The pictures are to be omitted when the entries are reproduced exactly.

DATA SUPPLIED section start

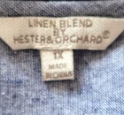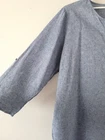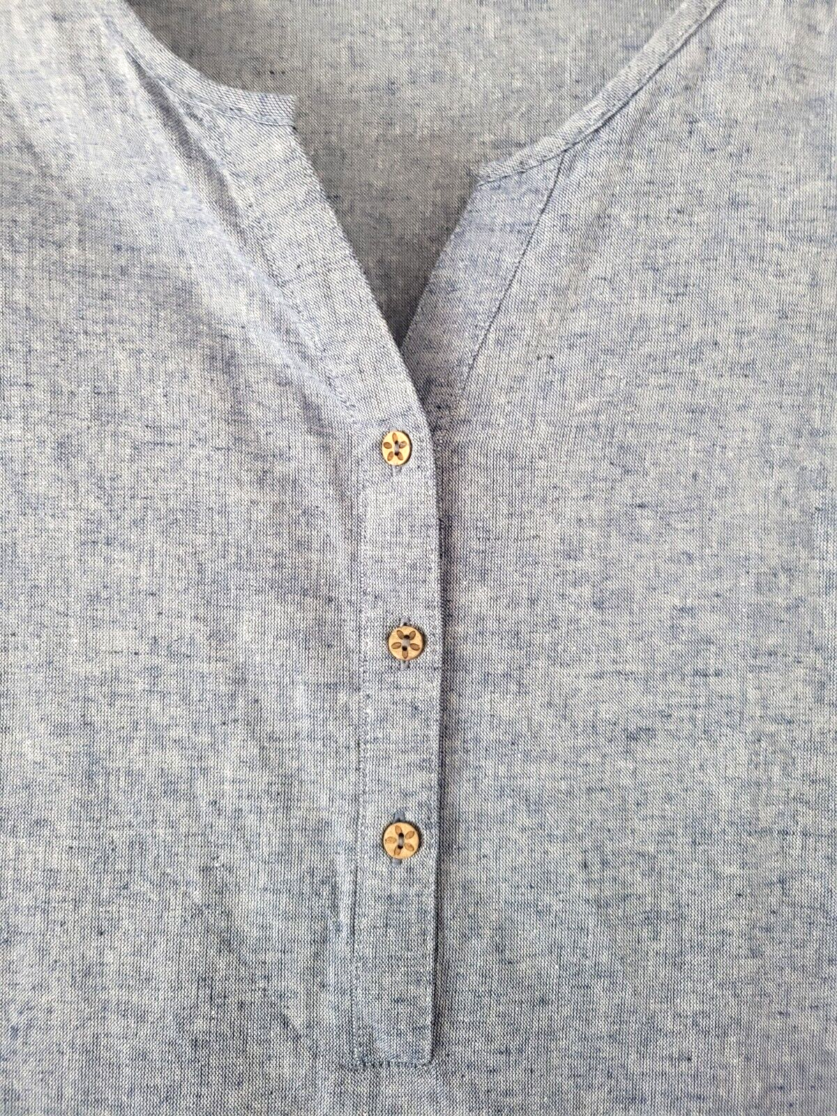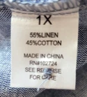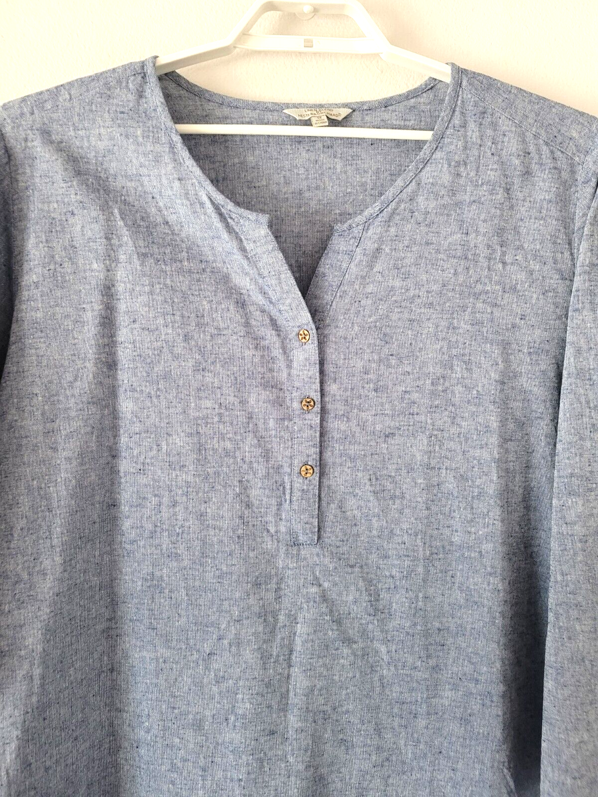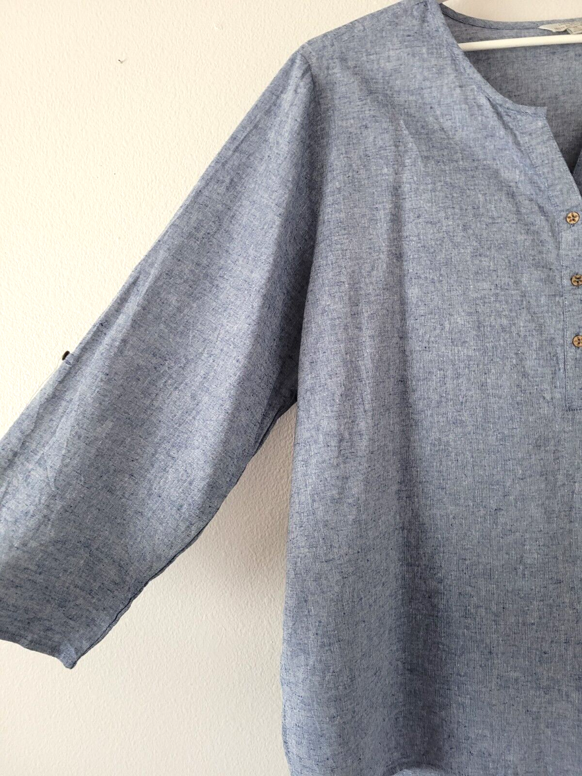Women's Size 1X Linen Cotton Top Half Button Front Tab Long Sleeve Blue Tunic in very nice condition, no holes tears stains, please see photos for further info chest, measured underarm to underarm across front--27" length, measured mid back neckline to hem-- 31"
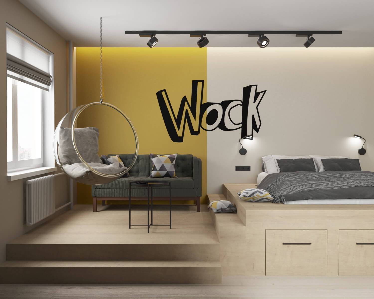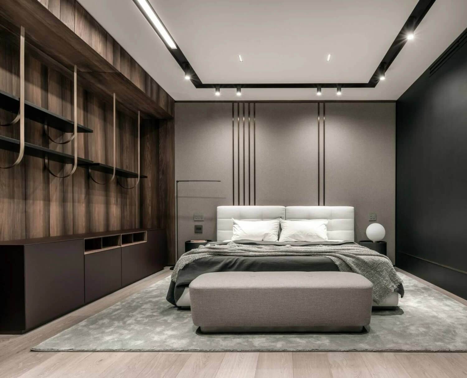 Широкий профиль трековой системы придаёт брутальный характер минималистичной спальне. Интерьер квартиры «Нефрит, Флорида», студия Yodezeen
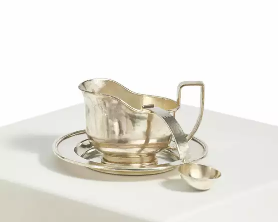 Lot 736 | SILVER SAUCE BOAT WITH SPOON AND ROUND STAND
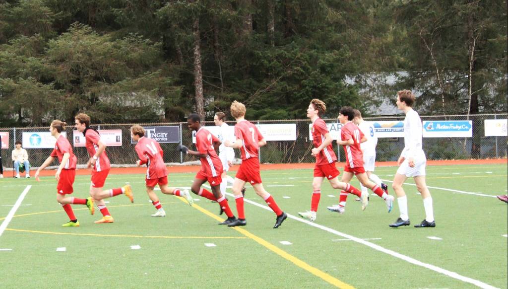 The Juneau-Douglas: Yadaa.at Kale High School Crimson Bears boys soccer team beat cross-town rival Thunder Mountain High School Falcons 8-0 on Monday evening, the second meeting of the teams this season.
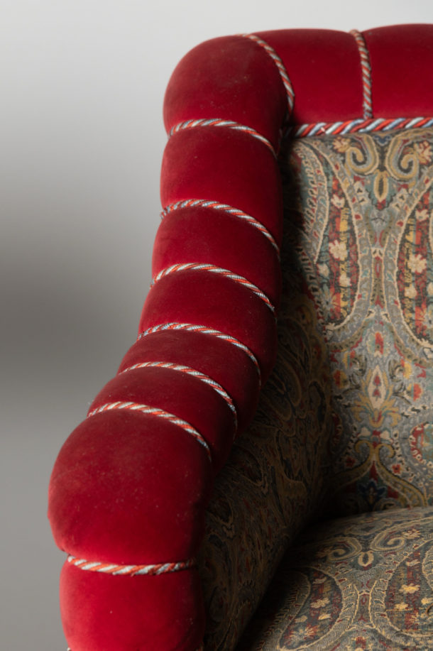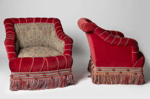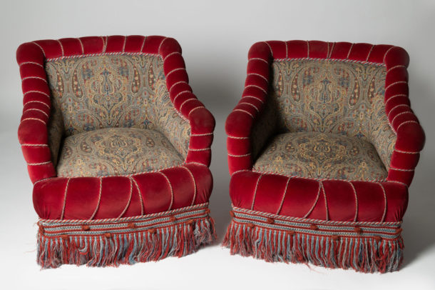 Rare pair of antique French Napoleon III pie crust chairs, low back, ready for your own upholstery. Seat depth 21 inches. 19th Century.
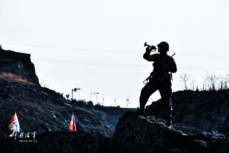 随着两发信号弹升空,指挥员一声令下:“出发!”在司号员激昂的冲锋号角下,尖刀班一马当先,冲出营门,其余官兵整齐有序、紧随其后。
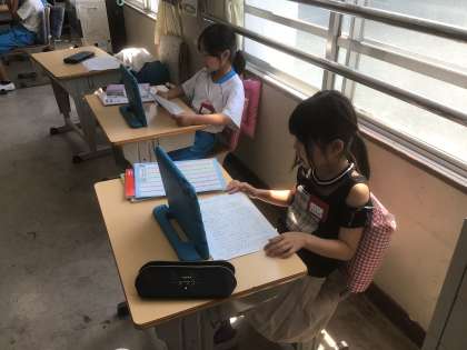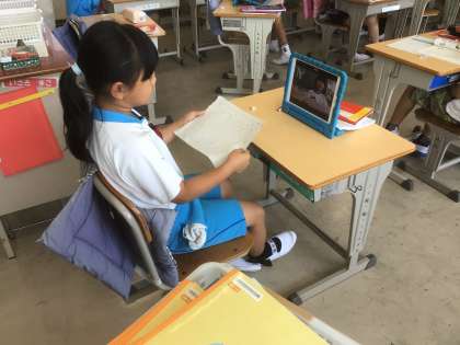 「わたし」の説明文を作ろう、の学習です。何度も内容を書き直し、文章を完成させました。動画で撮影中です。
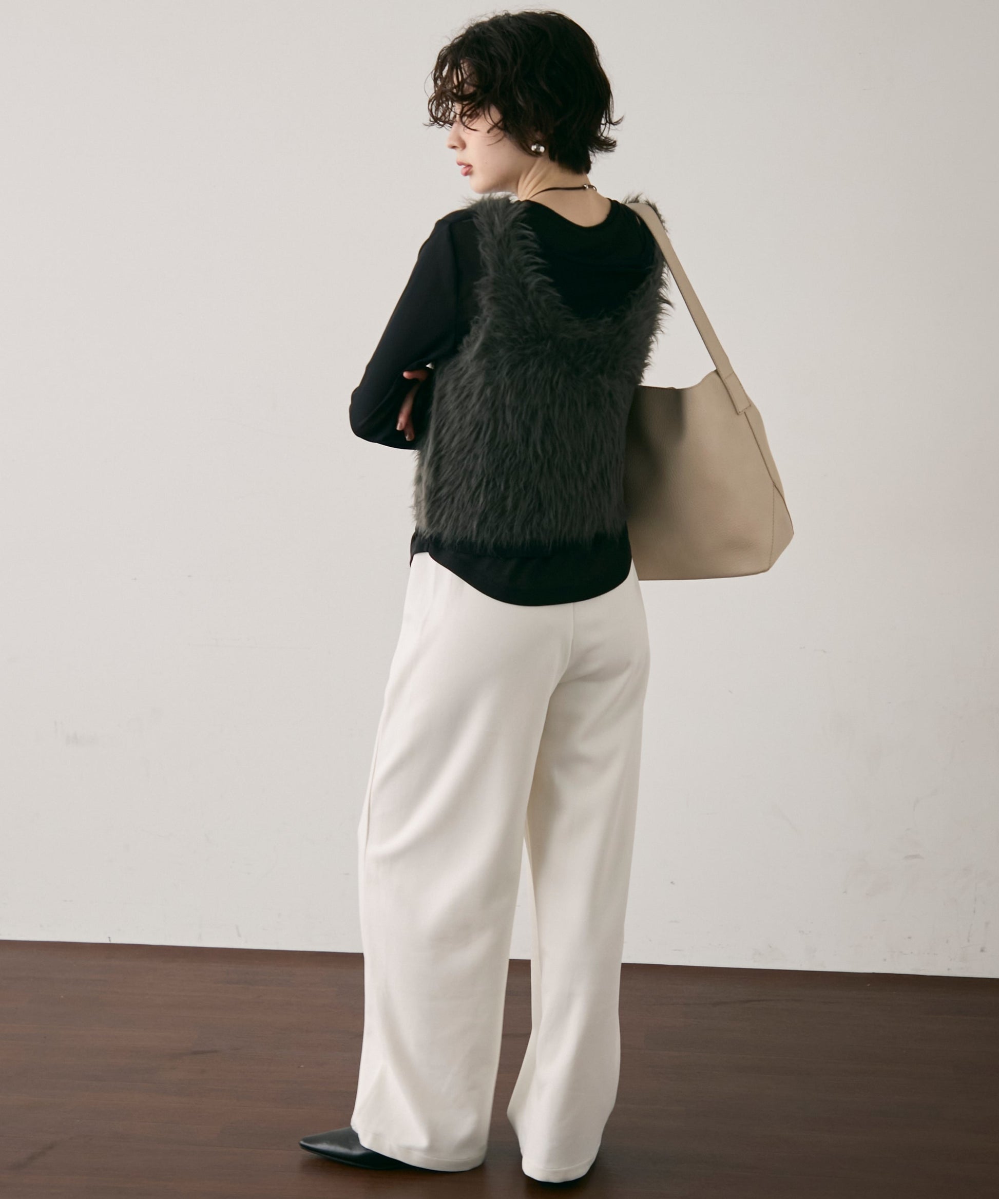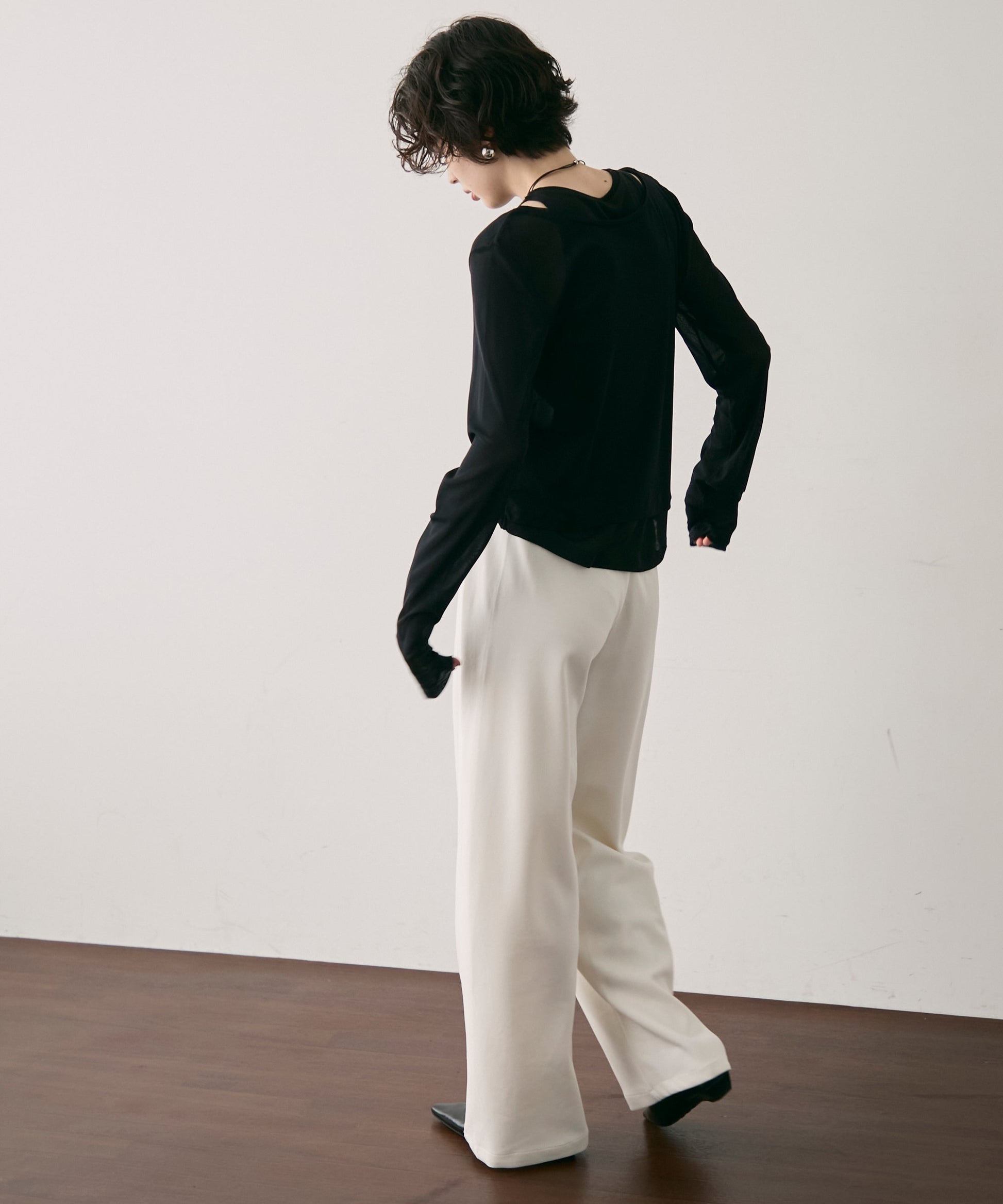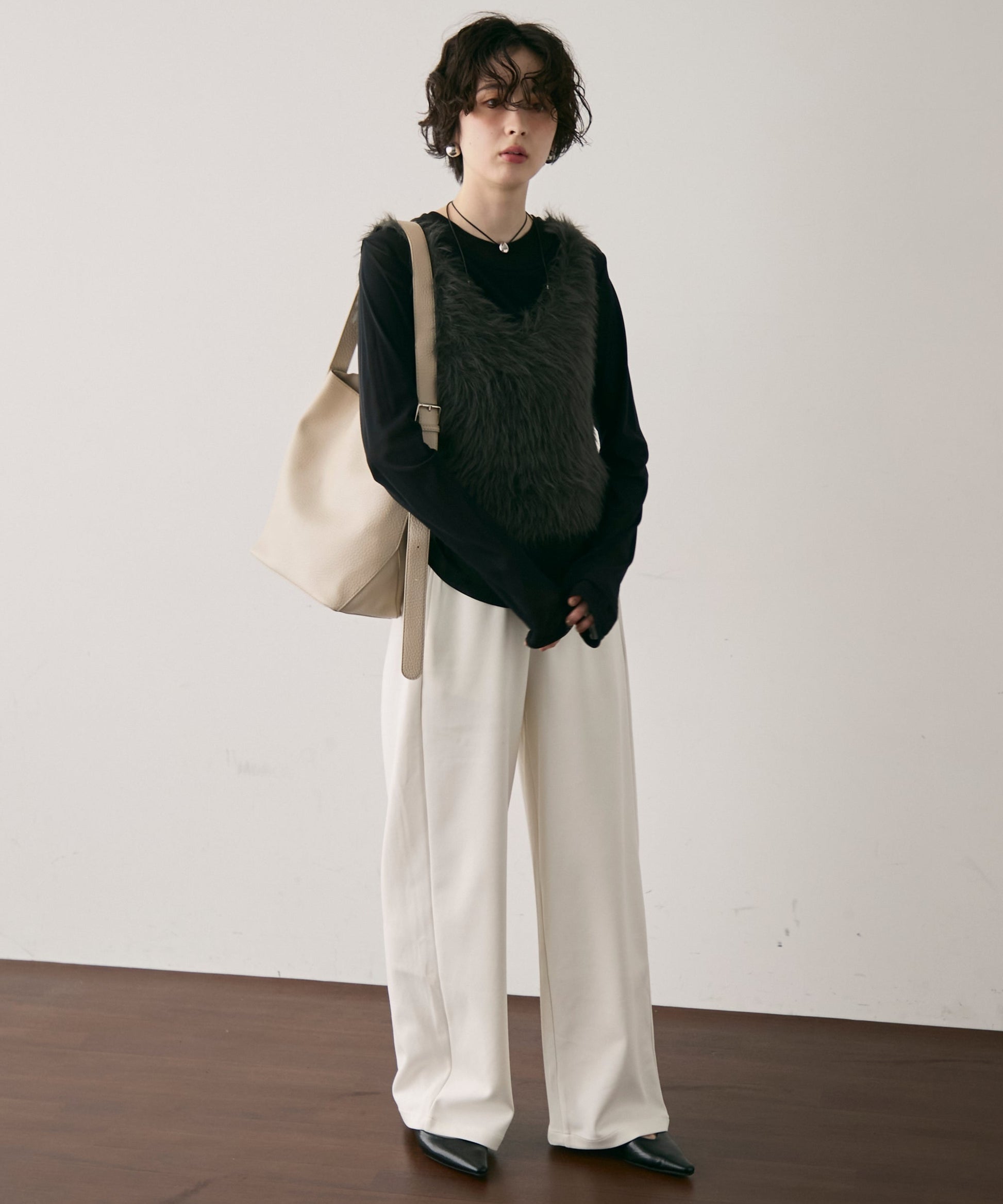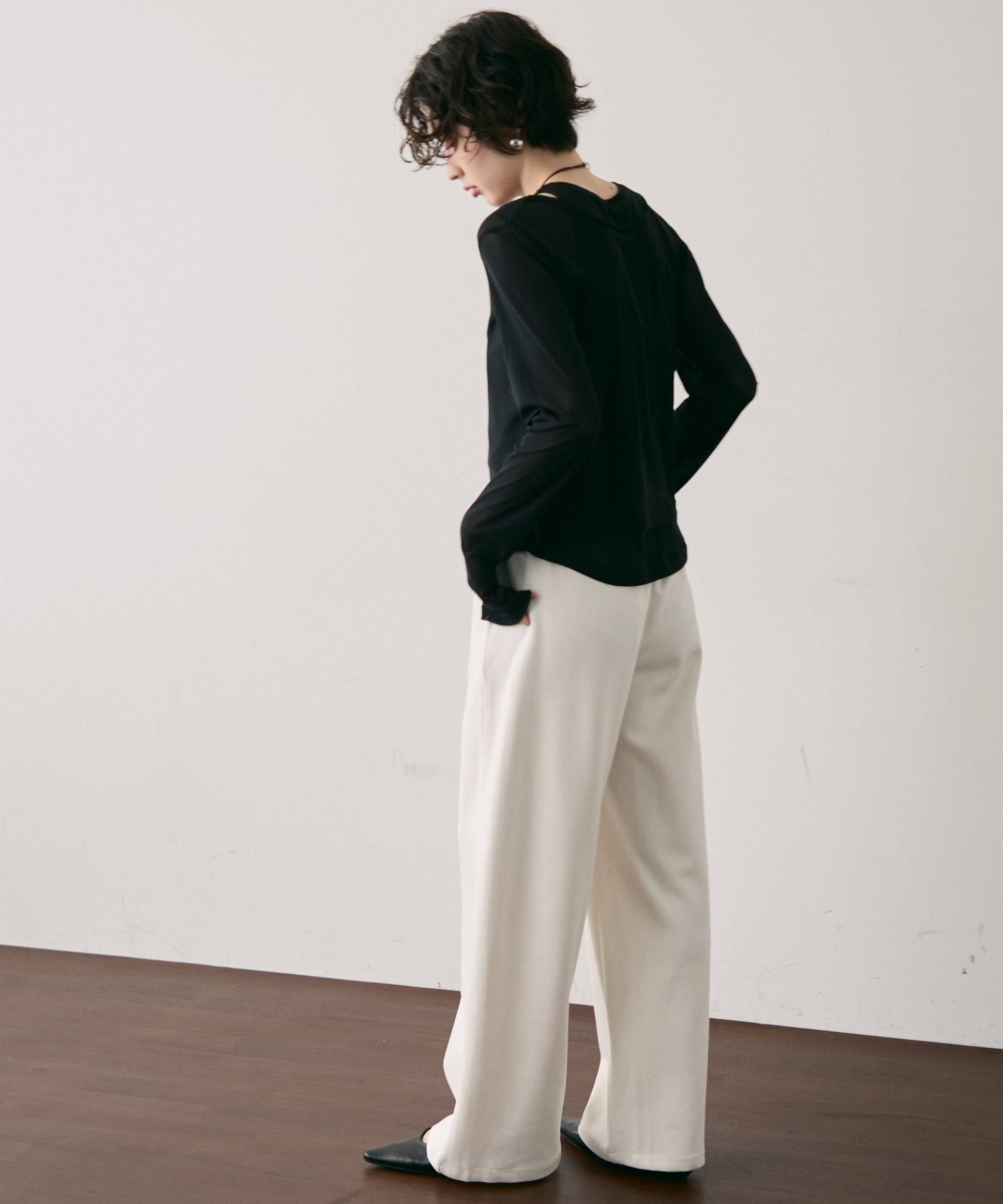 リラックス感のあるシルエットながら、すっきりとしたラインで大人カジュアルに着こなせます。

DATA SUPPLIED section end

▶ YOUR RESPONSE:
Women's Size 1X Linen Cotton Top Half Button Front Tab Long Sleeve Blue Tunic in very nice condition, no holes tears stains, please see photos for further info chest, measured underarm to underarm across front--27" length, measured mid back neckline to hem-- 31"
 Широкий профиль трековой системы придаёт брутальный характер минималистичной спальне. Интерьер квартиры «Нефрит, Флорида», студия Yodezeen
 Lot 736 | SILVER SAUCE BOAT WITH SPOON AND ROUND STAND
 The Juneau-Douglas: Yadaa.at Kale High School Crimson Bears boys soccer team beat cross-town rival Thunder Mountain High School Falcons 8-0 on Monday evening, the second meeting of the teams this season.
 Rare pair of antique French Napoleon III pie crust chairs, low back, ready for your own upholstery. Seat depth 21 inches. 19th Century.
 随着两发信号弹升空,指挥员一声令下:“出发!”在司号员激昂的冲锋号角下,尖刀班一马当先,冲出营门,其余官兵整齐有序、紧随其后。
 「わたし」の説明文を作ろう、の学習です。何度も内容を書き直し、文章を完成させました。動画で撮影中です。
 リラックス感のあるシルエットながら、すっきりとしたラインで大人カジュアルに着こなせます。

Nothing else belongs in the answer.